Daniel W. Savin, Senior Research Scientist in the Columbia Astrophysics Laboratory, was awarded the 2026 Laboratory Astrophysics Prize by the Laboratory Astrophysics Division of the American Astronomical Society. The award recognizes his contributions to studies in X-ray astrophysics and early universe star formation, and his extensive service to the laboratory astrophysics community.

POSTDOCS & STUDENTS

Fatima AlJarman AlNuaimi (CC’26) was selected as a 2026 United Arab Emirates Rhodes Scholar, which provides funding for postgraduate study at Oxford University to two UAE students each year. She plans to study world literature with an interest in experimental literature emerging from the UAE, and is committed to developing platforms and programs for dialogue, exchange, and collaboration.

Lama BarhoumiTaylor Lowery, and David Ni, students in the Real Estate Development Program at GSAPP, won first place at the Colvin Case Study Challenge.

Riya Kalra, master's student in biostatistics, was named overall champion and champion in the computer vision track at the NVIDIA AI & Dell Technologies Hackathon. Sripad Karne, master's student in data science, won first place in the agentic AI track.
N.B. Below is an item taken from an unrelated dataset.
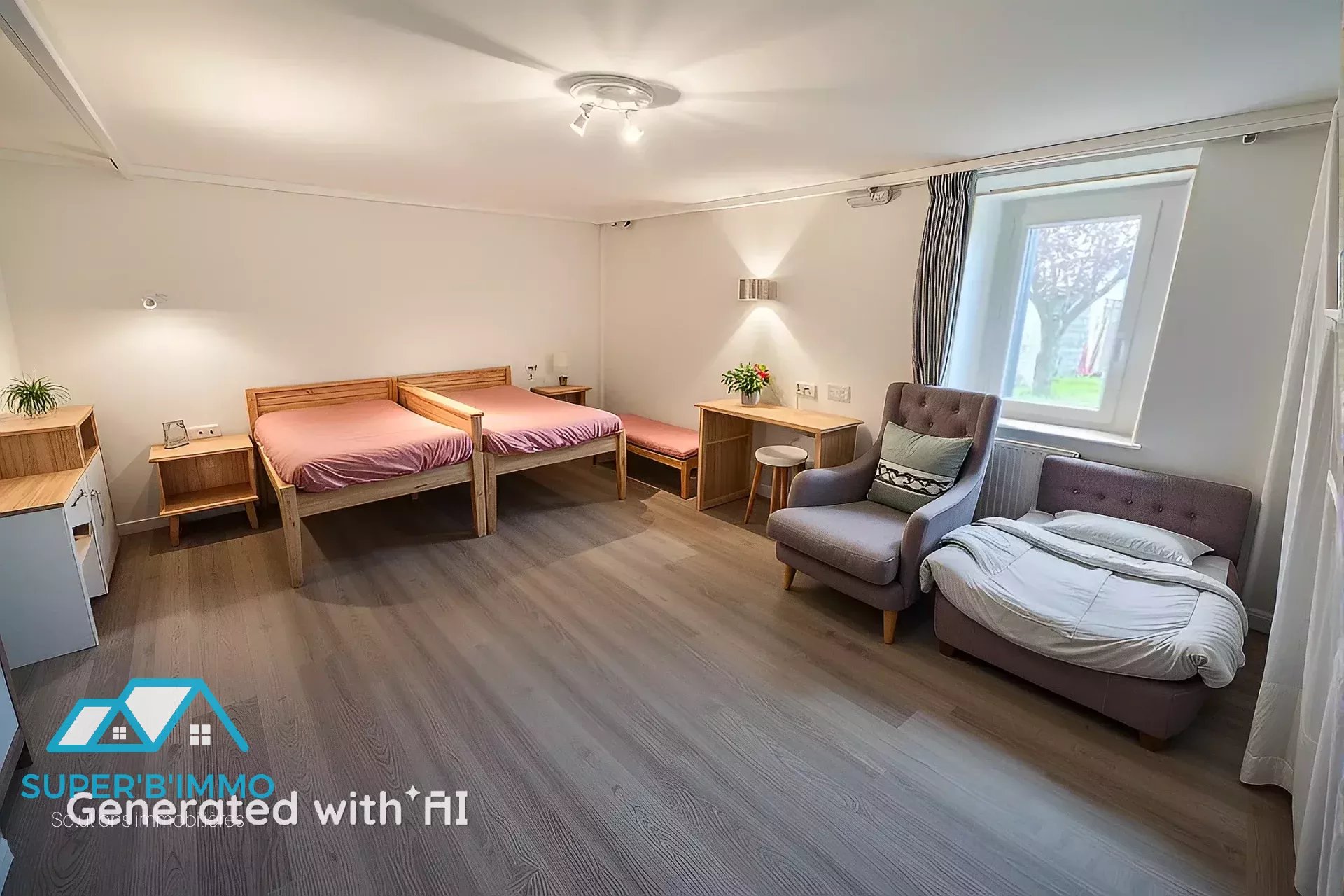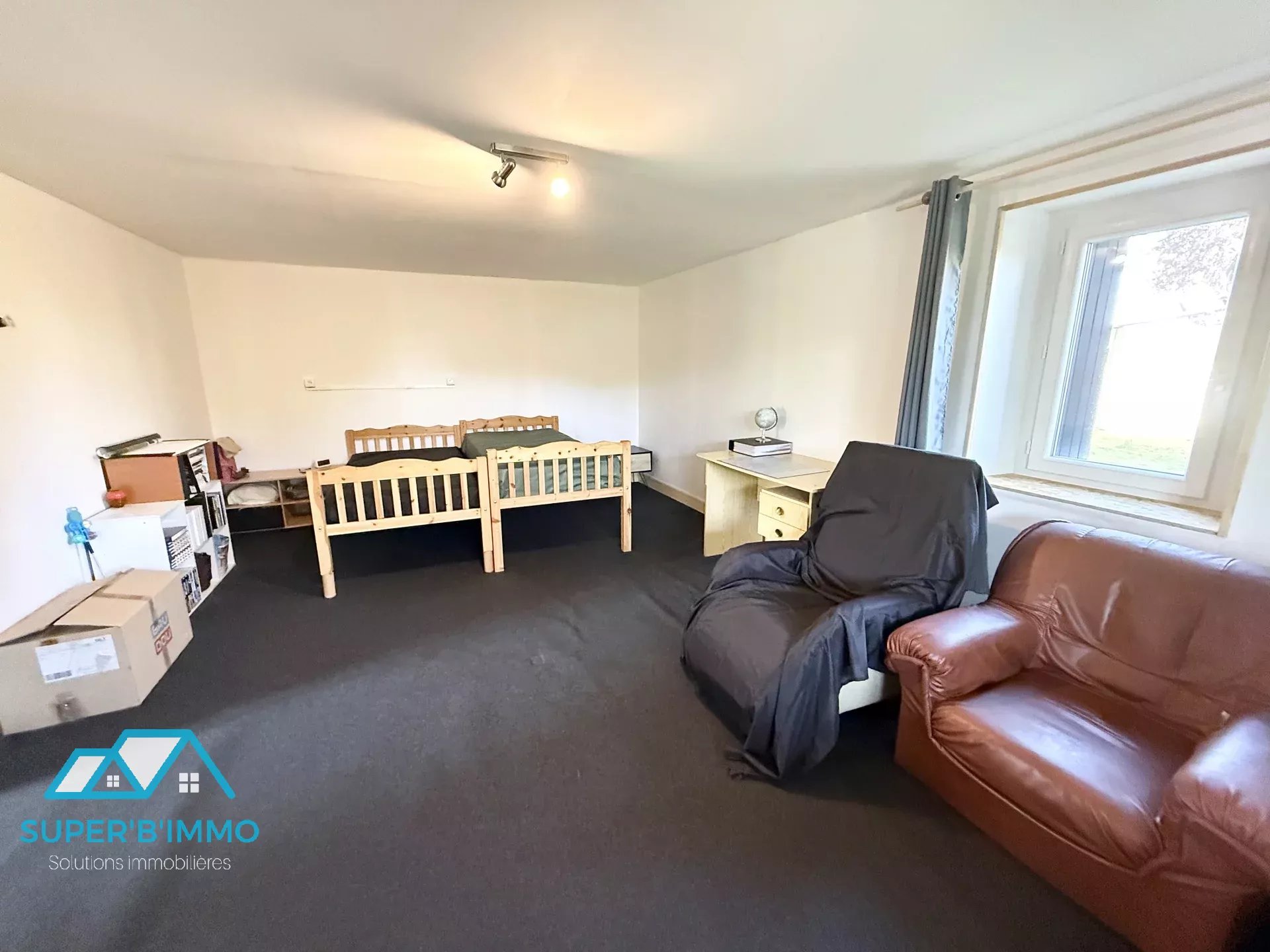 La maison propose trois chambres confortables au premier étage et un logement indépendant au rez-de-chaussée avec deux chambres, salle d'eau avec WC et une pièce de vie lumineuse avec coin cuisine. Chaque espace est conçu pour optimiser le confort et la tranquillité de ses occupants.

Joseph Karaganis (CC’26), Brianna Przywozny (SEAS’25), and Theo Taplitz (CC’25) have been named 2026 Marshall Scholars. It is the first time that three Columbians have been selected for this prestigious award in a single year.

Nandini Rawal, master’s student in the Religion Department, was awarded first prize in the Hindi Essay Writing Competition organized by the Permanent Mission of India to the United Nations.

Carolyn Swope, PhD candidate in Urban Planning at GSAPP, was awarded the Founder’s Prize at the Social Science History Association annual conference for her article “The Spatial Configuration of Segregation, Elite Fears of Disease, and Housing Reform in Washington, D.C.’s Inhabited Alleys.”

STAFF & RECENT ALUMNI

Mrinalini Sisodia Wadhwa (CC'24) was named an Examination Fellow at All Souls College at Oxford University. Wadhwa, currently a Rhodes scholar and MPhil candidate in intellectual history, will receive seven years of doctoral and postdoctoral funding for her research that examines how India came to be identified with mysticism and spirituality in the 18th–20th centuries.

Gillian Murphy (GS’25) was recently named a Princeton in Asia Fellow for 2025, with a placement at the International Water Management Institute in Colombo, Sri Lanka.